Hoosier Daddy said...

you might like a recent militray SF, post global catastrophe (bird flu plus).

I'll have to check that out. Honestly, I am not enthralled with Ringo's stuff overall but I'll check that one.

Best military sci-fi I have read is Pournelle's Falkenberg series.

Anonymous said...

This show just strikes me as garbage.

No interest in an Earth totally devoid of people? Ever read H.G. Wells' "The Time Machine"?

Anonymous said...

concerning time machine:


I saw that book as a movie, the recent version, at someone's house while they had the tv on. and now i am just waiting for one of my dimensions to get in line with the other person in the machine. dang it has been so close so many times.

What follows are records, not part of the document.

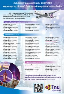 บริษัท การบินไทย จำกัด (มหาชน) ให้บริการเที่ยวบินตามตารางการบินฤดูหนาวปี 2568/2569 รวมทั้งสิ้น 63 เส...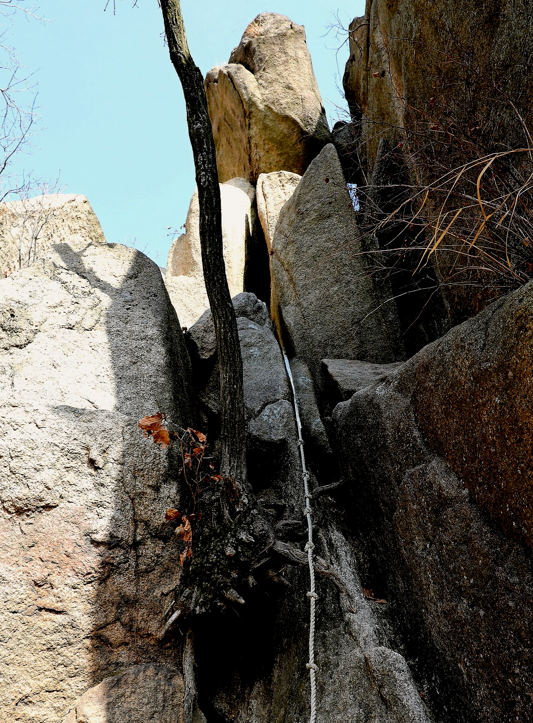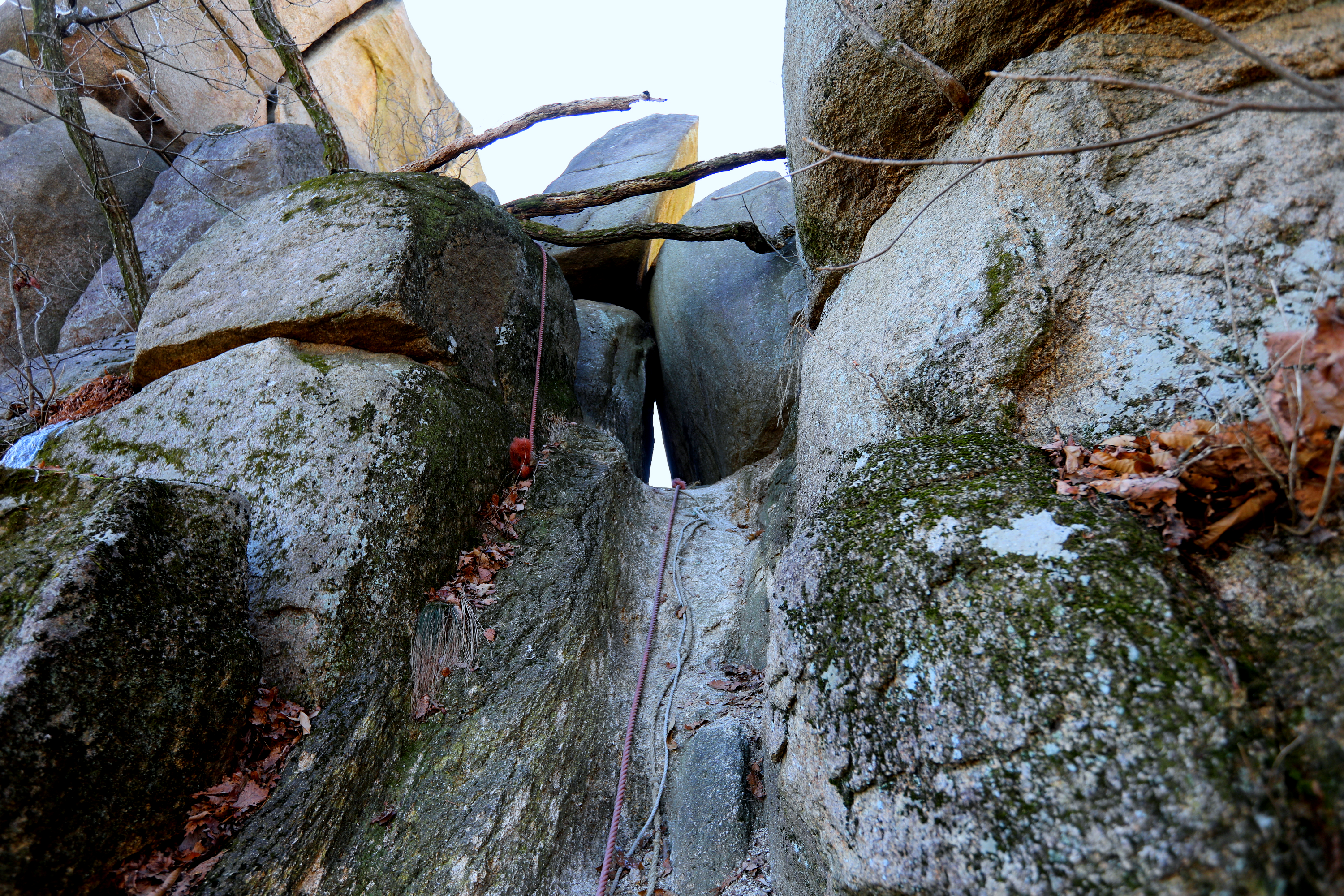 *석문으로 올라가는 로프 구간*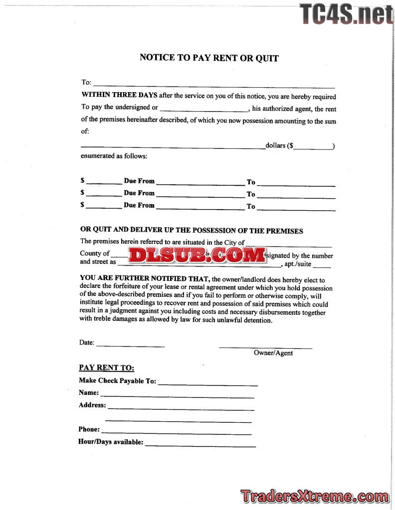 Notice To Pay Rent Or Quit - JPG Image File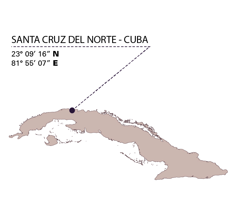 TIPOLOGIADOP Cuba Ron ZONA PRODUTTIVASanta Cruz del Norte MATERIA PRIMA100% canna da zucchero Cubana. Si utilizza la melassa, coltivata e lavorata a Cuba DISTILLAZIONEColonna continua, di fabbricazione esclusiva e brevettata COLOREAmbrato scuro con riflessi rossastri PROFUMOAl naso richiama la canna da zucchero, con note di rovere, frutta secca e vaniglia. Sul finale emerge una leggera nota di legno. SAPOREAl palato l’ingresso è secco, con il legno in evidenza che lascia spazio a note di cacao e cannella. Il finale è lungo e pieno. INVECCHIAMENTOL’invecchiamento in botti di rovere bianco americano avviene in 3 fasi: la prima a gradazione piena 74%/76%, la seconda tra il 40% e il 60% di alcol, la terza dopo i blend effettuati dal Primer Maestro Ronero

course sometimes the closeness in aligning dimensions turns out to be crushing, but that's the way it has got to be.

Jeff with one 'f' said...

Talking Heads (w/Johnny MArr!) said it best 20 years ago:
http://video.libero.it/app/play?id=c1efc5e921972f18268956551f0922ee

Plumwood Road said...

Two things: There is something inherently creepy about this subject, or at least the way it is presented.

Watching the previews I thought "what if someone had a camera and stood on the deck of the Titanic filming while the ship went down?"

This supposes that the photographer, or at least his pictures, survive, Or, that someone survives to view the footage. But with the end of civilization -- Population: 0 -- who survives to either take or view the pictures? Who is sitting in the audience?

That's where the "creep-factor" comes in. The sub-text message here is that the world can get along without everyone else, but I'll be just fine. I'll be able to pop up some corn and watch the show. I don't know what to make of that.

Second point: If you are curious about civilization vanishing, rent the terrific 1950s science-fiction movie, "Forbidden Planet". Intergalactic explorers discover a world where all life disappeared millions of years ago. Late in the film the cause is revealed and it is something worth thinking about.

NotWhoIUsedtoBe said...

I read the
book
the series is based on. It's a lot of paranoia about plastics. The author laments all the plastic molecules left all over the place and all through the ecosystem. Fine, but if plastic doesn't decay and doesn't interact with life, what's the problem? He doesn't offer any evidence that it's harmful, just that it's everywhere at the molecular level. Just the existence of it offends him.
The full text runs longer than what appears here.